(MATERIAL FOR THIS EXERCISE)
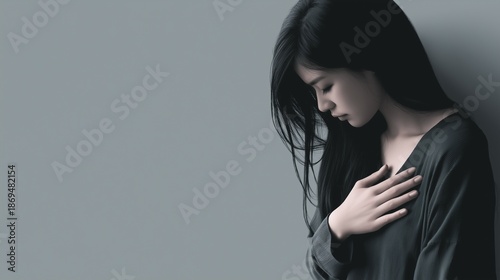 Obraz premium 不安で胸を押さえる日本人女性
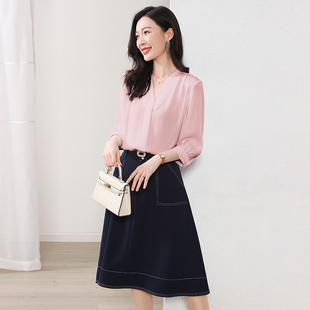 套装 璐丝百丽2025夏季 时尚 两件套气质高级感七分袖 女 套裙职业装
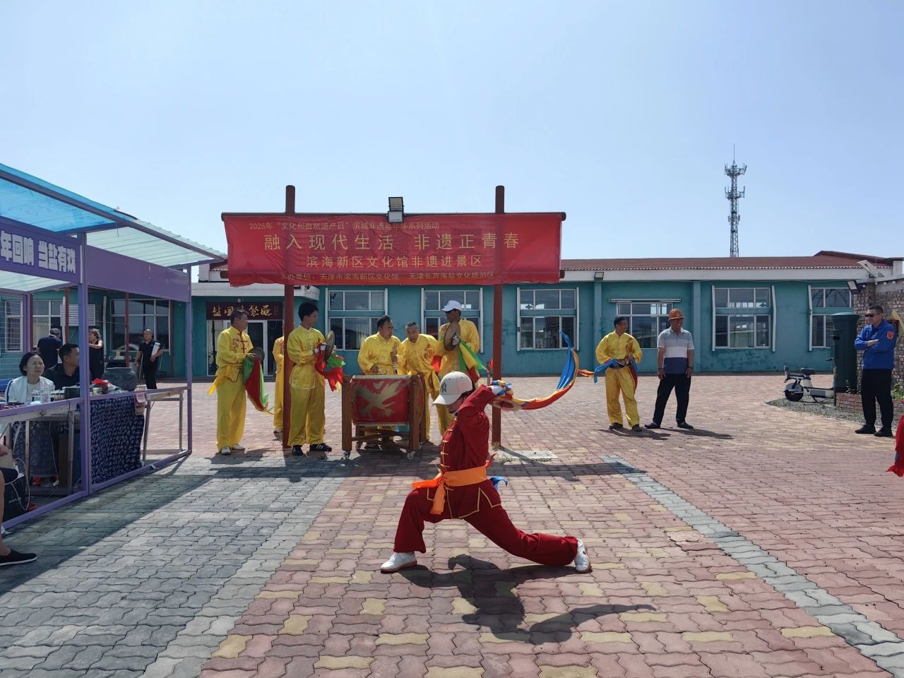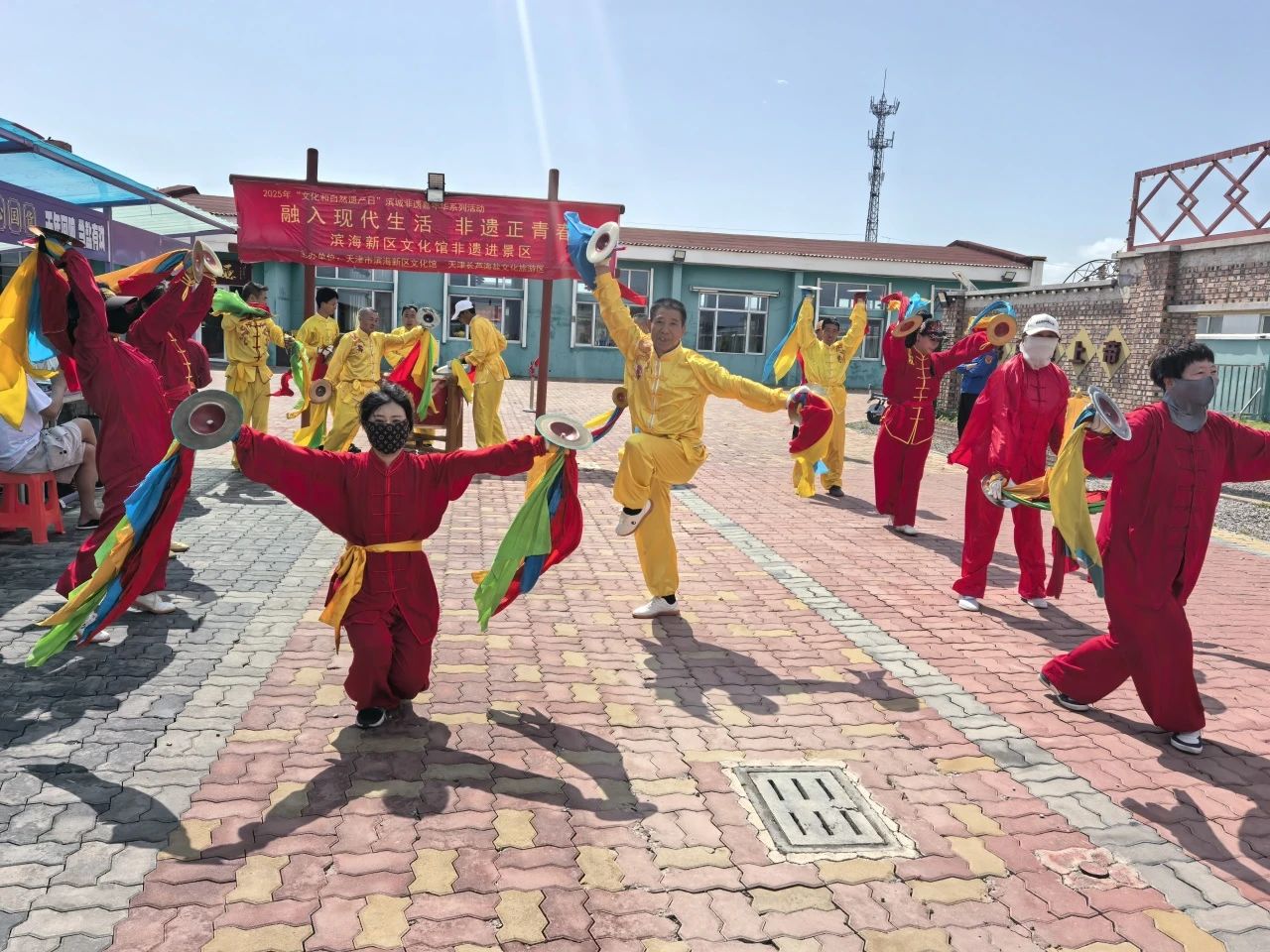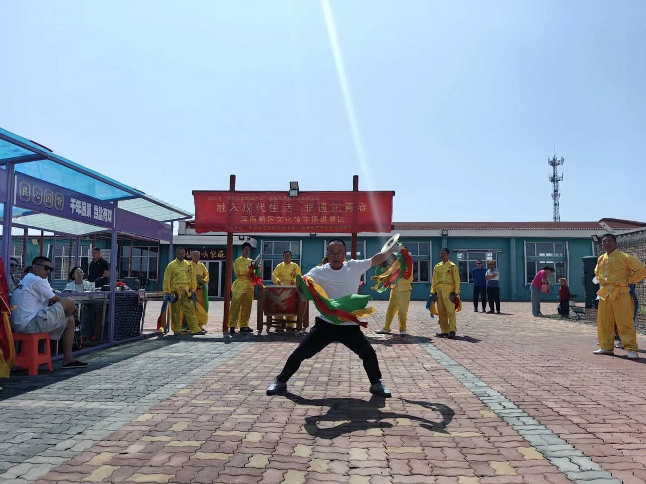 津滨网讯(记者 周华婷 报道 张鹏 摄影)为推动非物质文化遗产保护与传承,6月15日,由滨海新区文化馆、天津长芦海盐文化旅游区主办的2025年“文化和自然遗产日”滨城非遗嘉年华系列活动——“融入现代生活 非遗正青春”非遗进景区主题活动在汉沽盐业风情游览区举行。此次活动将国家级非遗项目汉沽飞镲的磅礴展演与非遗精品展卖融合,让古老的非物质文化遗产在充满历史底蕴的盐场景区焕发出鲜活的生命力。
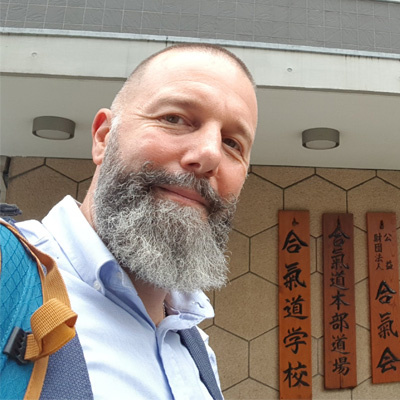 Nel 1991, a diciannove anni, inizia la pratica dell’Aikido e del Kenjutsu con Gaetano Fetonti Sensei, graduandosi Shodan nel 2006 e Nidan nel 2008 con Tamura Nobuyoshi Shihan.
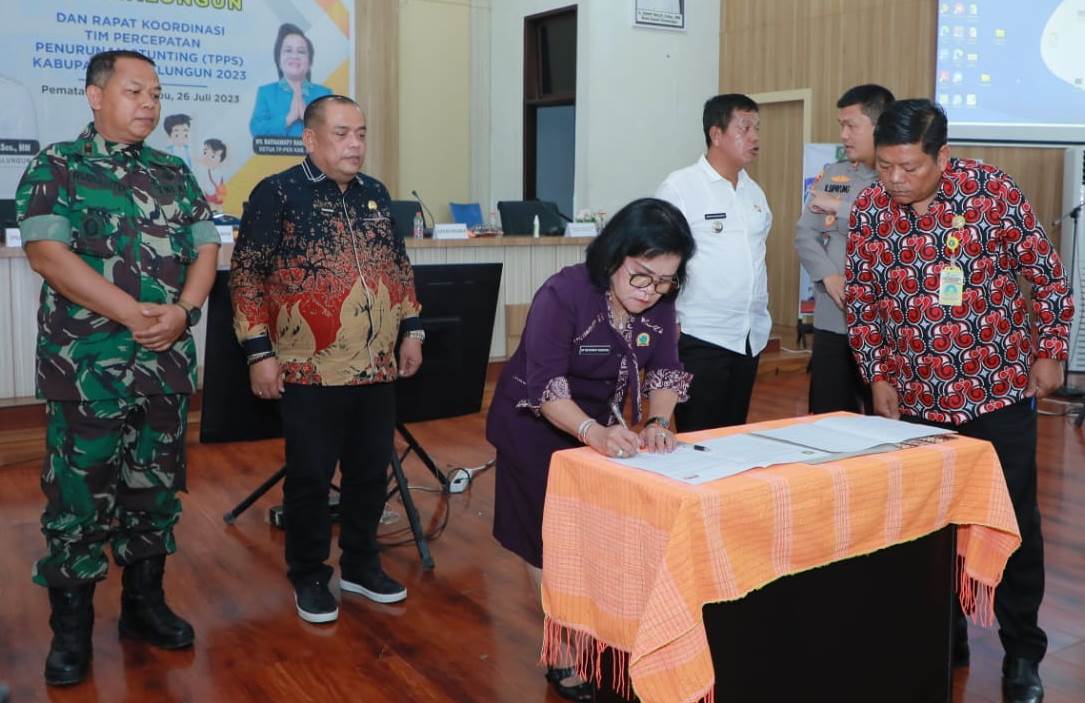 Pemerintah Kabupaten (Pemkab) Simalungun menggelar Rembuk Stunting dan Rapat koordinasi (Rakor) Tim Percepatan Penurunan Stunting (TPPS) Kabupaten Simalungun 2023 yang dipimpin langsung oleh Bupati Simalungun Radiapoh Hasiholan Sinaga, di balai Harungguan Djabanten Damanik, Pematang Raya, Simalungun, Sumut, Rabu (26/7/2023).
(End MATERIAL FOR THIS EXERCISE)
> **WHAT YOU ARE ASKED TO DO**:
Leaving the pictures aside, copy exactly and only the lines from the one holding "套装 璐丝百丽2025夏季 时尚 两件套气质高级感七分袖 女 套裙职业装" through the final line of the data, both ends kept.

> **SOLVED PROBLEM**:
 套装 璐丝百丽2025夏季 时尚 两件套气质高级感七分袖 女 套裙职业装
 津滨网讯(记者 周华婷 报道 张鹏 摄影)为推动非物质文化遗产保护与传承,6月15日,由滨海新区文化馆、天津长芦海盐文化旅游区主办的2025年“文化和自然遗产日”滨城非遗嘉年华系列活动——“融入现代生活 非遗正青春”非遗进景区主题活动在汉沽盐业风情游览区举行。此次活动将国家级非遗项目汉沽飞镲的磅礴展演与非遗精品展卖融合,让古老的非物质文化遗产在充满历史底蕴的盐场景区焕发出鲜活的生命力。
 Nel 1991, a diciannove anni, inizia la pratica dell’Aikido e del Kenjutsu con Gaetano Fetonti Sensei, graduandosi Shodan nel 2006 e Nidan nel 2008 con Tamura Nobuyoshi Shihan.
 Pemerintah Kabupaten (Pemkab) Simalungun menggelar Rembuk Stunting dan Rapat koordinasi (Rakor) Tim Percepatan Penurunan Stunting (TPPS) Kabupaten Simalungun 2023 yang dipimpin langsung oleh Bupati Simalungun Radiapoh Hasiholan Sinaga, di balai Harungguan Djabanten Damanik, Pematang Raya, Simalungun, Sumut, Rabu (26/7/2023).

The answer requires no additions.